The Bauer Kitchen was all in all an elegant affair; jazzy, upbeat music lightly played in the background amidst the gentle backdrop of chatter in a restaurant that was unexpectedly crowded for Saturday evening in an otherwise ghost town. Free bread — yay! — warm and fluffy, was offered and refilled plenty of times at our table which my dinner companion happily indulged in, while I began my three-course Thanksgiving meal with the Kitchen’s arugula salad. Disappointingly presented inside a simple cereal bowl, I was expecting a lot more out of the trendy restaurant. However, the salad ended up being fresh and fragrant and had a lot more going on than I’d thought. Shaved golden and candied striped beets were beautiful once I dug them out from under the arugula, and the salad was very light and balanced with a tangy shallot peppercorn vinaigrette, Grana Padano cheese, and gorgeously cooked bacon. Toasted walnuts, pickled Peruvian peppers, and Granny Smith apples added further mini-flavour explosions, and there was no way to taste every ingredient at once, but everything paired so well together that each bite was a new experience. I believe that this was literally my first time in a long time that I got excited about a salad, and as a self-confessed carnivore, that’s really saying something.

I had by now warmed up to the place and was excited to see what the Bauer Kitchen would do next with my Thanksgiving dinner. Enter a beautifully composed and restrained plate of turkey, stuffing, mashed potatoes, and roasted vegetables, with a delicate bowl of cranberry sauce on the side that was so different from the sloppy dinners I’d had in the past. This girl was blessed. Almost everything on the plate was delicious and perfectly cooked; the vegetables were enjoyably chewy and flavourful, and even the brussels sprouts, an archenemy to my palette, had lost their bitterness. The mashed potatoes were of one note, buttery and creamy, but the turkey — oh, this turkey, the best I’d had in years — was flavourful, tender, and moist, the latter of which is a word that is solely reserved for good turkey, but is one that should never be said out loud. It was a lovely meal, and the only part where it fell short, unfortunately, was the stuffing, which is normally my favourite part of every Thanksgiving everywhere else. A gloriously crumbly and flavourful carb-y mess everywhere else, the stuffing at the Bauer Kitchen just felt like chunks of bread momentarily soaked in gravy with a few dried berries thrown in. Not that I don’t love bread soaked in gravy, but this serving of stuffing somehow lacked that “I’ve been in the oven inside a turkey for 12 hours and it shows cause I’m damn delicious” feeling.
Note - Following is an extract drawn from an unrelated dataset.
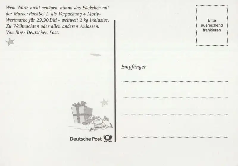 Ich hatte die Rechnung sofort als Vorkasse bezahlt, aber keine Zusendung der Karte erhalten. Trotz Nachfrage keine Rückmeldung bzw. Erklärung. Da es sich zum Glück nur um 1,70 € handelt, ist die Sache für mich erledigt, ärgerlich, aber zu verkraften. Mit den drei anderen Karten, die ich bestellt hatte, hat alles wunderbar geklappt.

After that, the dinner rounded out to a close with a simple pumpkin tart with a dollop of whipped cream on top. A little cold and impersonal, just like my own Thanksgiving, I paused to reflect on all the ones I’d been to over the years. Although my own had been so much more refined and composed this year, I somehow missed the awkwardness of a full-out family brawl happening at any moment over a table groaning with the weight of food. Maybe that was the ingredient my meal was missing. At any rate, I couldn’t complain about my experience at the Bauer Kitchen — well, except for my waiter who only seemed to appear every time I complained about him, like some strange sort of swooping demon, but that’s another thing entirely.